### Recorded information
——
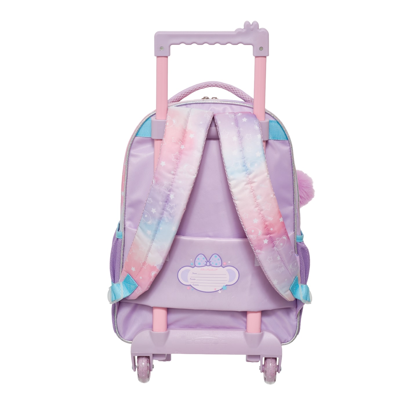 Com rodinhas resistentes e alça retrátil, a Mochila Lumina oferece conforto no transporte e praticidade para a rotina escolar.
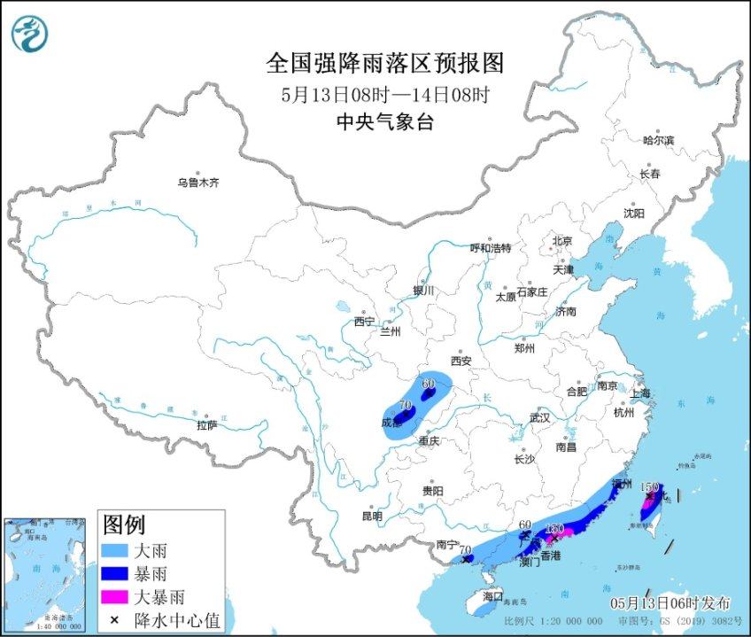 预计,5月13日08时至14日08时,广东中南部、广西东南部、福建东南部及陕西南部、四川盆地中北部、海南岛东南部、台湾岛大部等地部分地区有大到暴雨,其中,广东东南部沿海、台湾岛中北部等地部分地区有大暴雨(100~150毫米)。上述部分地区伴有短时强降水(最大小时降雨量20~50毫米,局地可超过60毫米),局地有雷暴大风等强对流天气。
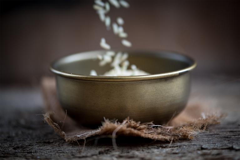 Keywords: bowl brass bowl vessel filling a trickle in motion rice close food-photography
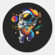 Pegatina Redonda Astronauta Jugando A Los Planetas Espaciales De Gu
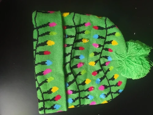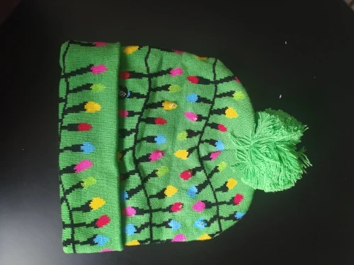 эту шапку брала себе.Лампочки белым светятся,не разноцветные,но мне нравится.Очень стильно смотрится.Как писала в другом отзыве,качество хорошее.В отличии от шапок подороже,тех что с отворотом у лица,эти не такие высокие,но все равно лоб прикрывают хорошо,и они более плотно сидят по голове.Я очень довольна.Спасибо продавцу
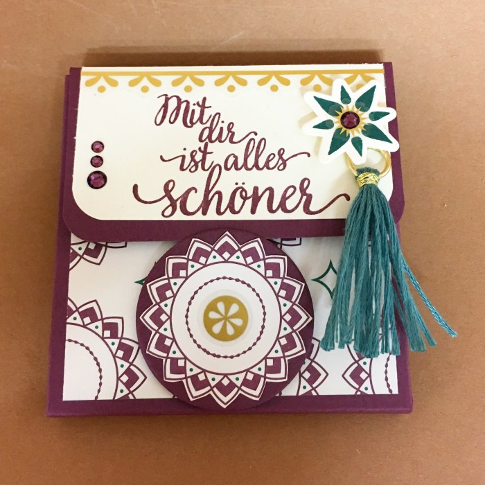 Dabei blieb mir natürlich gar nichts anderes übrig als die allerneuesten Produkte von Stampin‘ Up zu verwenden 😇😁😇. Das ist einer der vielen Vorteile eines Stampin‘ Up Demos 😉 wir konnten bereits diese Woche den neuen Jahreskatalog sehen und ich sage Ihnen *wohoooo* der ist wieder SENSATIONELL 😄!!! Und noch dazu konnten wir bereits jetzt ein Produktpaket bestellen das es wirklich in sich hat! Es heißt Orientpalast 😍😃.
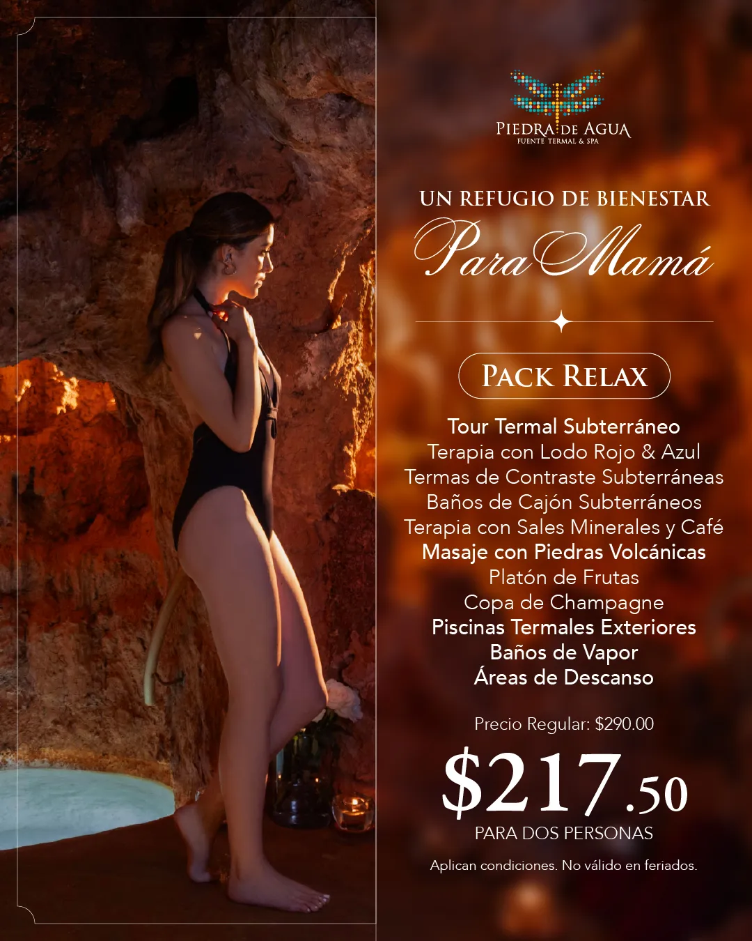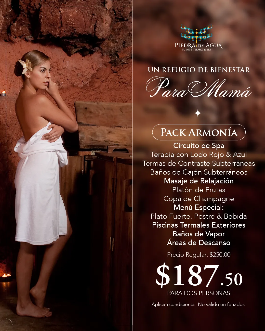 - La promoción de “Un refugio de bienestar para Mamá” aplica para compras online a través de www.piedradeagua.com.ec y directas en nuestro local.
——
### Task instructions
Output the whole listing without change. Any picture is to be left out.

### Answer box
 Com rodinhas resistentes e alça retrátil, a Mochila Lumina oferece conforto no transporte e praticidade para a rotina escolar.
 预计,5月13日08时至14日08时,广东中南部、广西东南部、福建东南部及陕西南部、四川盆地中北部、海南岛东南部、台湾岛大部等地部分地区有大到暴雨,其中,广东东南部沿海、台湾岛中北部等地部分地区有大暴雨(100~150毫米)。上述部分地区伴有短时强降水(最大小时降雨量20~50毫米,局地可超过60毫米),局地有雷暴大风等强对流天气。
 Keywords: bowl brass bowl vessel filling a trickle in motion rice close food-photography
 Pegatina Redonda Astronauta Jugando A Los Planetas Espaciales De Gu
 эту шапку брала себе.Лампочки белым светятся,не разноцветные,но мне нравится.Очень стильно смотрится.Как писала в другом отзыве,качество хорошее.В отличии от шапок подороже,тех что с отворотом у лица,эти не такие высокие,но все равно лоб прикрывают хорошо,и они более плотно сидят по голове.Я очень довольна.Спасибо продавцу
 Dabei blieb mir natürlich gar nichts anderes übrig als die allerneuesten Produkte von Stampin‘ Up zu verwenden 😇😁😇. Das ist einer der vielen Vorteile eines Stampin‘ Up Demos 😉 wir konnten bereits diese Woche den neuen Jahreskatalog sehen und ich sage Ihnen *wohoooo* der ist wieder SENSATIONELL 😄!!! Und noch dazu konnten wir bereits jetzt ein Produktpaket bestellen das es wirklich in sich hat! Es heißt Orientpalast 😍😃.
 - La promoción de “Un refugio de bienestar para Mamá” aplica para compras online a través de www.piedradeagua.com.ec y directas en nuestro local.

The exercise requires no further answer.